La logique du fer ne s'applique pas aux perturbations logistiques

24 Septembre 2021 -Han de Jong

Il y a environ un an, j'ai entendu parler pour la première fois de problèmes logistiques entravant la reprise économique mondiale. Au départ, il s'agissait principalement d'expédier des conteneurs qui se trouveraient aux mauvais endroits après la baisse spectaculaire de l'activité économique due au déclenchement de la pandémie. Il en a résulté une forte hausse des taux de fret. Plus tard, des rapports ont fait état de fortes augmentations des prix des matériaux industriels et de délais de livraison plus longs et incertains.

Cette situation s'est traduite par une inflation nettement plus élevée, quoique beaucoup plus élevée aux États-Unis que dans la zone euro. Bien sûr, les prix de gros et les prix à la production en particulier ont le plus augmenté. Mais les prix à la consommation n'ont pas non plus été épargnés. Il est apparu plus tard qu'il y avait une pénurie de puces dans le monde, tandis que le marché du travail se resserrait considérablement dans de nombreux endroits, suscitant des discussions sur la question de savoir si la croissance des salaires s'accélérerait à un niveau qui perpétuerait un processus inflationniste.

Ce sont des circonstances inhabituelles pour un macroéconomiste comme moi. Nous suivons une logique de fer. Si des perturbations logistiques provoquent des augmentations de prix, l'augmentation des prix provoquera une « réponse de l'offre ». Par exemple, si le coût du transport par conteneur maritime est multiplié par cinq, il devrait être rentable d'expédier des conteneurs vides vers les endroits où ils sont nécessaires. Et l'augmentation des prix des matériaux encouragera les fournisseurs à offrir davantage. Ergo, ce problème sera résolu en un rien de temps. Pas si!

Il y a beaucoup de macro-économistes comme moi qui travaillent dans les banques centrales. Il n'est donc pas surprenant qu'ils aient quelque peu minimisé la pertinence des perturbations logistiques et qu'ils aient rejeté – et qu'ils rejettent toujours – ces problèmes ainsi que la hausse de l'inflation qui en résulte comme étant temporaires. Le gros problème, cependant, est que ces perturbations sont toujours là. En fait, rien n'indique qu'ils seront corrigés dans un avenir prévisible.
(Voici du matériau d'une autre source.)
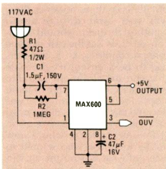 This circuit for powering TTL and even modern microcontrollers is from February 1987, Radio Electronics magazine. It is based on an integrated circuit from that time.

Les chiffres d'IHS Markit indiquent un affaiblissement de la croissance
Hier, IHS Markit a publié les résultats préliminaires de ses enquêtes mensuelles de septembre sur la confiance des entreprises pour un certain nombre de pays. Avant que tout le monde ne soit stressé, la confiance des entreprises est toujours élevée et les chiffres sont compatibles avec une croissance économique continue. Mais la confiance est également en baisse. La mesure la plus large, l'indice composite (industrie et services) pour la zone euro est passé de 59,0 en août à 56,1 en septembre.

La première image montre le sous-indice de la production (output). Cela montre bien que l'industrie traverse une période plus difficile que le secteur des services, mais aussi que le niveau absolu doit encore être qualifié de très élevé dans une perspective historique.

Source : IHS Markit

Une dynamique d'inflation différente de celle du passé ?
Les 2 photos suivantes, comme la première, proviennent du communiqué de presse d'IHS Markit. Ce que je veux aborder ici, c'est si l'inflation augmente et dans quelle mesure. L'image suivante montre le sous-indice des prix que les entrepreneurs disent payer pour leurs intrants. Dans l'industrie, cet indice est à un niveau élevé. Une très grande majorité d'entrepreneurs déclarent des prix des intrants plus élevés. Néanmoins, le niveau absolu d'aujourd'hui ne dépasse pas de loin celui d'environ 2011. Les entrepreneurs signalent également des hausses de prix dans le secteur des services, et ici non plus le niveau absolu ne s'écarte pas beaucoup des pics passés.

Source : IHS Markit

L'image suivante montre ce que les entrepreneurs disent des prix qu'ils facturent eux-mêmes à leurs clients, les « prix de sortie ». Ici, les niveaux actuels, tant dans l'industrie que dans les services, dépassent de loin les pics passés. La conclusion logique est que les entrepreneurs sont actuellement mieux à même de répercuter les augmentations de coûts que par le passé avec une augmentation comparable des coûts. En ce qui me concerne, cela signifie que les risques d'inflation peuvent encore être plus importants et plus durables que ne le prétendent les banquiers centraux. D'un autre côté, nous n'avons aucune expérience des conditions économiques comme aujourd'hui et je conclurais plutôt qu'il reste « à l'écoute » plutôt que que les banquiers centraux se trompent définitivement.

Source : IHS Markit

En fin de compte, la clé résidera dans les salaires. Jusqu'à présent, les signes d'une accélération sensible de la croissance des salaires se sont limités à des preuves anecdotiques. Les chiffres concrets ne confirment pas encore que la croissance des salaires s'accélère fortement. Mais ce qui n'est pas, peut encore venir et plus la pénurie de main-d'œuvre dure, plus les chances sont grandes, je pense.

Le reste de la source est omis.